PURPOSE We report on the development of high spatial resolution, large active area proton radiography device that uses the dose measurement method for WEPL determination for both passive scattering (DS) and Pencil Beam Scanning (PBS). METHODS We used on the shelf appropriately CMOS sensor with an active area of 27mm × 22mm and active pixel size of 21.7 μm2. The read out electronics can record images at 2000 fps over 1024 × 1024 pixels. This technology is combined with an on the shelf QA device that uses 900cm2 gadolinium based scintillator and geometric optical system that focus the image on a 45 degree mirror on the above CMOS sensor. When placed behind the patient, the assembled device measures the 2D exit dose distribution. For DS fields, the method utilizes the periodic time dependence of the dose. By measuring the time-dependence of dose at each pixel and comparing it against a library of time-dependence patterns for all depths in water, the radiological path length to the point of measurement can be determined with millimeter accuracy. For PBS fields, the method uses test beam that contains a few scanning layers in depth with properly spaced ranges. Each layer has a known dose profile in water phantom. The ratio between the measured doses from each layer provides the WEPL information through the patient. RESULTS The assembled device achieved high performances as proton radiography device. The WEPL of large objects, up to 900cm2, are imaged, using both passive and active beams, with 0.6mm2 spatial resolutions and mm accuracy. The dose needed to achieve such performance is less than 1cGy for both DS and PBS. CONCLUSION The assembled device proves to be a versatile proton imager. It has the potential for use as in-room tool for pre-treatment QA for patient WEPL verification.
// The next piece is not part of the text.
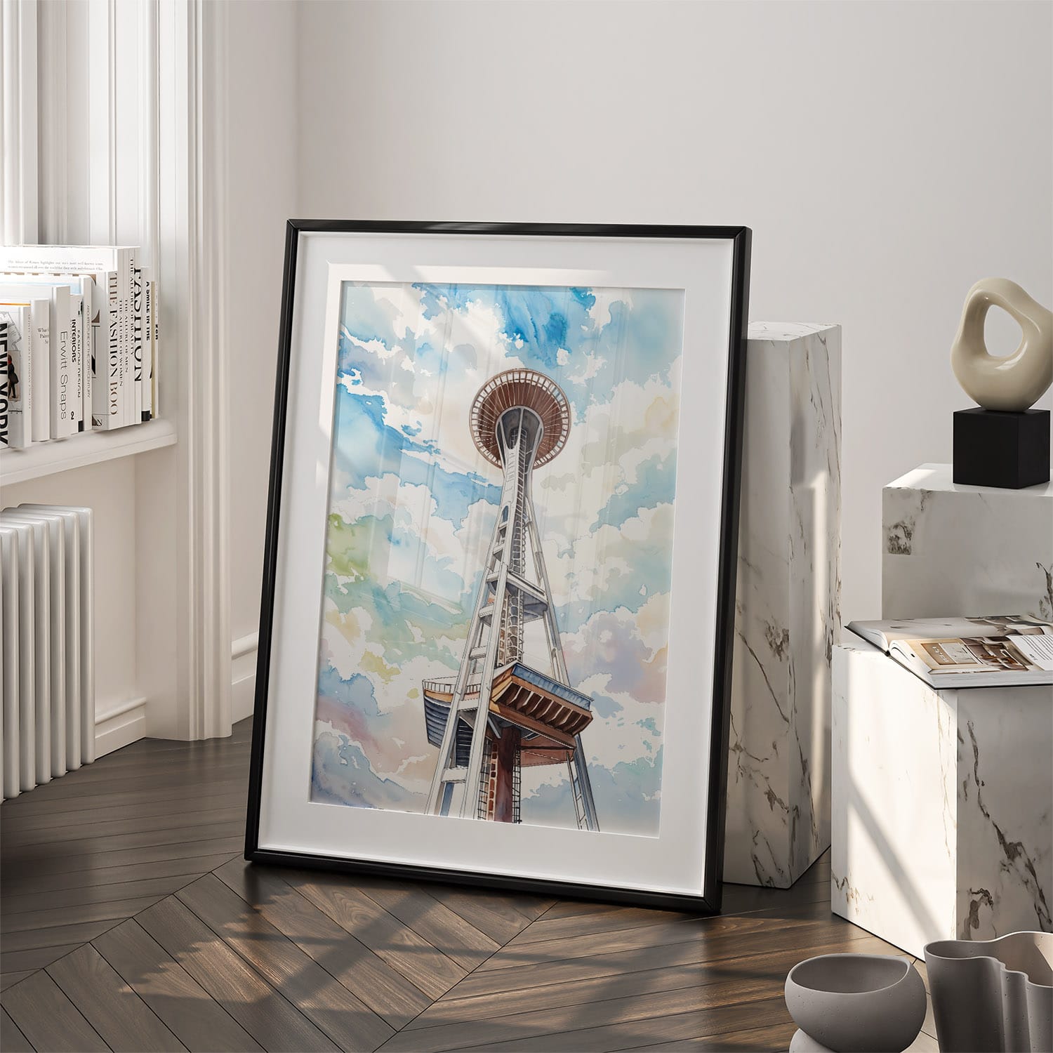 Seattle Space Needle Watercolor Art – Digital Download Wall Art for Home Decor

MO-FG-CAMPUS-JeP1-02: Proton Range Verification of Scanned Pencil Beams Using Prompt Gamma Imaging

PURPOSE Prompt gammas are emitted along the proton beam path and have an emission profile correlated with the depth dose profile. In this study, the accuracy of in-vivo proton range verification using a 1-D prompt gamma camera is assessed. METHODS The 1-D camera is comprised of a tungsten slit collimator positioned in front of a linear array of LYSO scintillating crystals coupled to silicon photomultipliers. The imaged gamma profiles of individual pencil beam spots and energy layers were analyzed by determining the relative shifts from the expected gamma profiles based on analytic prediction or reference measurements. The range retrieval precision was evaluated by reproducibility measurements and by irradiation through a heterogeneous phantom composed of materials with known stopping power ratios. The camera was evaluated at clinical doses in pencil beam scanning mode on a head-and-neck phantom (HN). Two scenarios were studied: 5 mm systematic range error; and setup error of 10 mm transverse to the proton beam. RESULTS The camera range retrieval precision was 2 mm at clinical doses. For the heterogeneous phantom and HN phantom studies, the discrepancies between the analytic model and measurements were less than 2 mm for both spot and iso-energy layer analysis. For the simulated 5 mm range error, the retrieved shifts were 4.3±2.0 mm. For the 10 mm setup error, large shifts (> 4 mm) were observed for some spots due to differences in the irradiated and expected beam path from the measurements without setup error. CONCLUSION Our studies demonstrated that in-vivo proton range verification is feasible using a 1D prompt gamma camera with a 2 mm range retrieval precision. Pencil beam spot under or over ranging can be detected via comparison between measured and expected profiles.